Below are some entries. Repeat exactly the lines from the one with "valkyrie Vintage Kartal" through the one with "Buongiorno💙 Продолжаем серию", and only those.

------ Records for processing ------

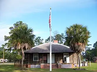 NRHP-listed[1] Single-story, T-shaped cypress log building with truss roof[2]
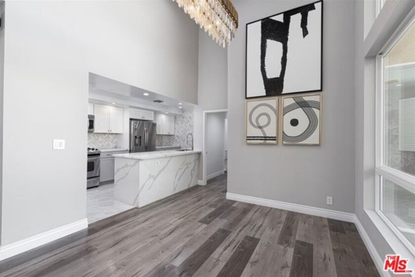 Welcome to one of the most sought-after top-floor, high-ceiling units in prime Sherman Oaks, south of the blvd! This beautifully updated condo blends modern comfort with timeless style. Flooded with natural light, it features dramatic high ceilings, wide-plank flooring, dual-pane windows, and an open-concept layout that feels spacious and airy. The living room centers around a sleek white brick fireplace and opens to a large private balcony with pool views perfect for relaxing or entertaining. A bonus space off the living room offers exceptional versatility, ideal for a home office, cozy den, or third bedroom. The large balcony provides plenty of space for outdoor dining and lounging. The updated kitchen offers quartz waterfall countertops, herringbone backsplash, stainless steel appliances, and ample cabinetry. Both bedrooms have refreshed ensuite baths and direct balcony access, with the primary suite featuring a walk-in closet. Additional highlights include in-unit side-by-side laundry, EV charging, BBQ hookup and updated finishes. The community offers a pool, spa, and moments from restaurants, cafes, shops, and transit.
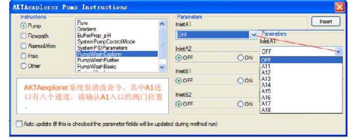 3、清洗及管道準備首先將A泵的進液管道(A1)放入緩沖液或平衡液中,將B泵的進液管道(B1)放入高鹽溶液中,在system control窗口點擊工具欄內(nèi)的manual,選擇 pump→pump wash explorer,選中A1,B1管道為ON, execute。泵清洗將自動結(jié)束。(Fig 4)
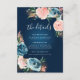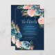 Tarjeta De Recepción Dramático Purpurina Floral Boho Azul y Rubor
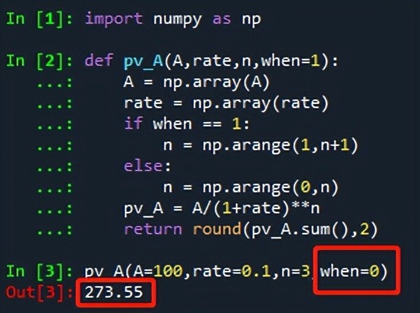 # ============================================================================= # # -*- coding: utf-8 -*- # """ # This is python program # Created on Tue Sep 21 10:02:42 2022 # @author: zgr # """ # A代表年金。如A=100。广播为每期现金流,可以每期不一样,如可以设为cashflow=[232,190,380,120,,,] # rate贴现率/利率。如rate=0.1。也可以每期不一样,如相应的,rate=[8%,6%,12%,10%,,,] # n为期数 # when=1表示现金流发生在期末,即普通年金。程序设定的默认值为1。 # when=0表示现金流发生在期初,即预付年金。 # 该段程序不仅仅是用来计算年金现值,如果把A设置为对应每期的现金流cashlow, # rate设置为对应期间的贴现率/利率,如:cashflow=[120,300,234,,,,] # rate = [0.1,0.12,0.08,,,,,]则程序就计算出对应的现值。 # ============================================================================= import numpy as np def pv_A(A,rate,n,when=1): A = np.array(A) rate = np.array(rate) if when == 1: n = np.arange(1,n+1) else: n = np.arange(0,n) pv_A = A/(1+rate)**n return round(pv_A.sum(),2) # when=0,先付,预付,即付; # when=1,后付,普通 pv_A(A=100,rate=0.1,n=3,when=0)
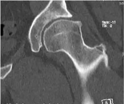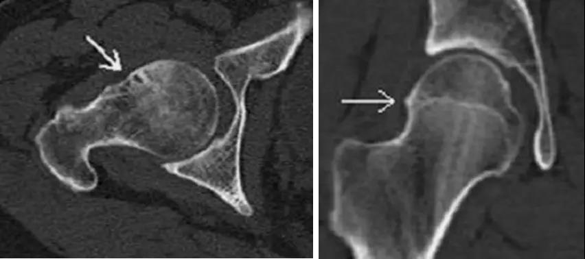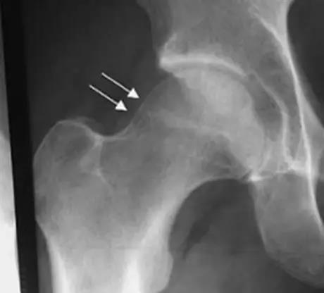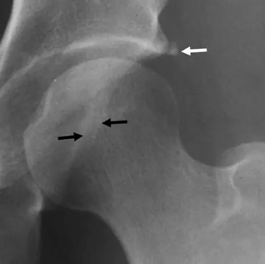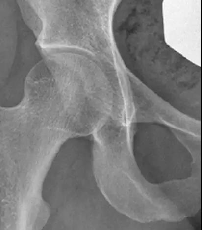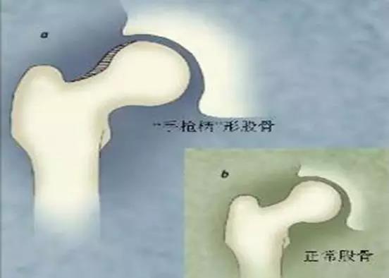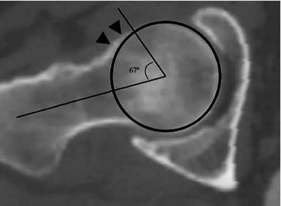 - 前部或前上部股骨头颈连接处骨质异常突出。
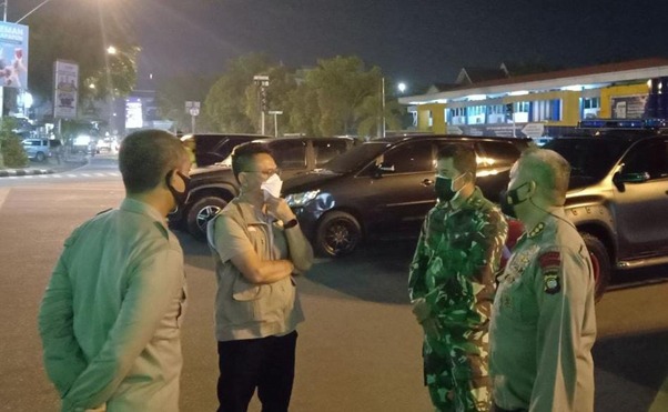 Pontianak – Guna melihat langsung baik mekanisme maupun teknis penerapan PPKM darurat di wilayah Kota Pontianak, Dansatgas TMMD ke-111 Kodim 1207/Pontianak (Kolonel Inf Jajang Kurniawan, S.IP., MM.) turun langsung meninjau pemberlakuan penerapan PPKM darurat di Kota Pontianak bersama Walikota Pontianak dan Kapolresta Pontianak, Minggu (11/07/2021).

------
------ Records for processing ------

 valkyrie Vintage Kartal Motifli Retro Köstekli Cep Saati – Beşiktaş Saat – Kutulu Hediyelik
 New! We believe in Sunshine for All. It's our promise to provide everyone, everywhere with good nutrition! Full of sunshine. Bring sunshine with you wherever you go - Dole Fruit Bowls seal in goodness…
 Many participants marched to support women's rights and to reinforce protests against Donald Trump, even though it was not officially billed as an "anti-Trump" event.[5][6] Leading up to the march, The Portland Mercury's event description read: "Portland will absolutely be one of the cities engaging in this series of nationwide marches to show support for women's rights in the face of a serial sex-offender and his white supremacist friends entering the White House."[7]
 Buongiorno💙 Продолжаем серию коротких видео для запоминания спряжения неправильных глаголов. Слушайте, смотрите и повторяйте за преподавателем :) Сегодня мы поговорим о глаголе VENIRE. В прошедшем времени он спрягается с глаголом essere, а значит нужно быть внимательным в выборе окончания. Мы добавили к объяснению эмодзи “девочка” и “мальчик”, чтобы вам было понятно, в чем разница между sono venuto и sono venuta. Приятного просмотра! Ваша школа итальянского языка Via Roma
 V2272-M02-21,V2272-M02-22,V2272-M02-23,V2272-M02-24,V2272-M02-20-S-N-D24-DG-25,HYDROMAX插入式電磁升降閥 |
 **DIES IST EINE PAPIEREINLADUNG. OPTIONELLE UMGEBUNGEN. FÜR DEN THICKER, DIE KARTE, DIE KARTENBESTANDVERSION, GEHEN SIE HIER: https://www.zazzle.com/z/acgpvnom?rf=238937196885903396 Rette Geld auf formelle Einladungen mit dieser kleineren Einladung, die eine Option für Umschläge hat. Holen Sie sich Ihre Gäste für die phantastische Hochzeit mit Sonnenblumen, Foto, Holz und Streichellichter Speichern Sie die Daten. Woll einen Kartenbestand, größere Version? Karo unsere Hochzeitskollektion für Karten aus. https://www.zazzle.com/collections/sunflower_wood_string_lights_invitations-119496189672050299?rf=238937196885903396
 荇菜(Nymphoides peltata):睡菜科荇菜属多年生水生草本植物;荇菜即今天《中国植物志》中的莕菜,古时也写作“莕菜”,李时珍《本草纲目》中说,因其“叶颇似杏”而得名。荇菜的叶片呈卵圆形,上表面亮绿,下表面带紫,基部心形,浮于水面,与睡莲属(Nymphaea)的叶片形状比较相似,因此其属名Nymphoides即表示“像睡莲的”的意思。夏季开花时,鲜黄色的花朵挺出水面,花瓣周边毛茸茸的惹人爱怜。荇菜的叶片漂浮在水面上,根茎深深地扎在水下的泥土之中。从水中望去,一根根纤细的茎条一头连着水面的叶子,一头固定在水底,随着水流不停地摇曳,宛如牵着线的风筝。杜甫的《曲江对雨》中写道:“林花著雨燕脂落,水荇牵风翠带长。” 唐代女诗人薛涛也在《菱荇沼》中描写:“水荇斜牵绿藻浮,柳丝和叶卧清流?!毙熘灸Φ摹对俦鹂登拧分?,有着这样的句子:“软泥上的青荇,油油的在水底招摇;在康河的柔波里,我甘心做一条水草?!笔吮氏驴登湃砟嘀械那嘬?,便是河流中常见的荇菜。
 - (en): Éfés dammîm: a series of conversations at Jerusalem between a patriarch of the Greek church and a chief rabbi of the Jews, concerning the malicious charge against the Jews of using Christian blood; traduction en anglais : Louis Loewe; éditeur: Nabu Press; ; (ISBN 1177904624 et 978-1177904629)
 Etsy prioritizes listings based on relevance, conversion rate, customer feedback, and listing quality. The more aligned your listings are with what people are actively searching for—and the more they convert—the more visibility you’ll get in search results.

------

> Output of the task
 valkyrie Vintage Kartal Motifli Retro Köstekli Cep Saati – Beşiktaş Saat – Kutulu Hediyelik
 New! We believe in Sunshine for All. It's our promise to provide everyone, everywhere with good nutrition! Full of sunshine. Bring sunshine with you wherever you go - Dole Fruit Bowls seal in goodness…
 Many participants marched to support women's rights and to reinforce protests against Donald Trump, even though it was not officially billed as an "anti-Trump" event.[5][6] Leading up to the march, The Portland Mercury's event description read: "Portland will absolutely be one of the cities engaging in this series of nationwide marches to show support for women's rights in the face of a serial sex-offender and his white supremacist friends entering the White House."[7]
 Buongiorno💙 Продолжаем серию коротких видео для запоминания спряжения неправильных глаголов. Слушайте, смотрите и повторяйте за преподавателем :) Сегодня мы поговорим о глаголе VENIRE. В прошедшем времени он спрягается с глаголом essere, а значит нужно быть внимательным в выборе окончания. Мы добавили к объяснению эмодзи “девочка” и “мальчик”, чтобы вам было понятно, в чем разница между sono venuto и sono venuta. Приятного просмотра! Ваша школа итальянского языка Via Roma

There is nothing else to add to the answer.